Tuesday, actress and activist Mia Farrow of Rosemary’s Baby fame tweeted a New York Times opinion piece penned by Republican strategist Liz Mair, in which Mair lays out why she thinks the former S.C. governor warrants the greatest threat to Trump’s re-election bid.

“Mark Sanford, a true conservative, is the biggest Republican threat to Trump,” tweeted Farrow, echoing bits of Fair’s opinion piece into her tweet. “He is unlikely to be defined by Never Trumpism and more likely to campaign on the threat of runaway deficits and debts.”

Farrow is no fan of Trump based on her past tweets. But she doesn’t appear to lean Republican either.

In 2016, Farrow called then-Democratic candidate for president U.S. Sen. Bernie Sanders of Vermont “pretty great.”

“He doesn’t pander, is consistent and clear on important issues,” she wrote.

Sanford declared his long-shot presidential bid Sunday morning in an interview with Fox News’ Chris Wallace.

Former Illinois Congressman Joe Walsh and former Massachusetts Gov. Bill Weld also have put up primary challenges to Trump.

All three face a giant obstacle after several states, including South Carolina, decided to ditch their own 2020 GOP presidential primaries.

Sanford’s announcement came one day after the South Carolina Republican Party’s executive committee voted almost unanimously to skip the February 2020 presidential primary, citing Trump’s S.C. support and the $1.2 million it would take to put on the primary contest.

But, Mair writes in her op-ed, Sanford enters the Republican presidential race differently than his primary opponents.

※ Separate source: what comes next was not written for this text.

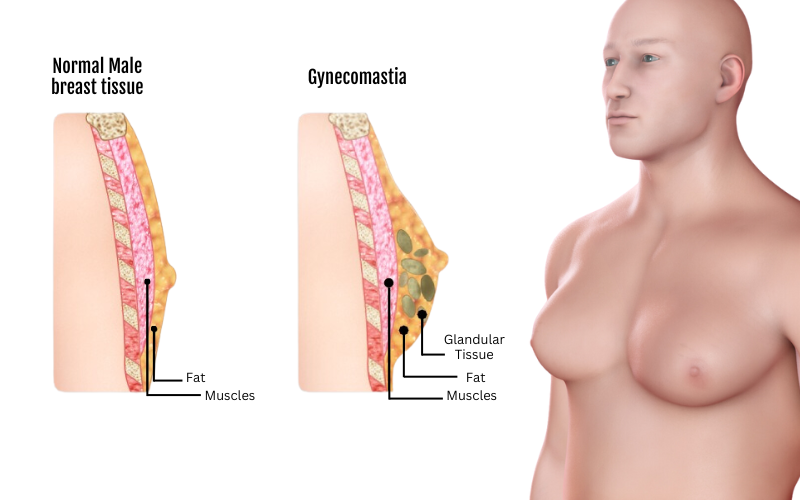 Gynecomastia is often linked to an imbalance between estrogen and testosterone hormones, a condition that can be exacerbated by obesity. Excess body fat disrupts hormone levels, leading to increased estrogen, which contributes to the enlargement of male breast tissue.

Unlike Mr. Weld, Mr. Sanford has been a big-name player and an elected official in Republican politics in the Trump era, the Tea Party-dominated period that preceded it and the two decades before that,” Fair wrote. “He remains beloved by many conservative activists, who know he’s been serious about reining in wasteful spending, targeting debt and the deficit, and supporting free trade.”

This story was originally published September 10, 2019 at 12:07 PM.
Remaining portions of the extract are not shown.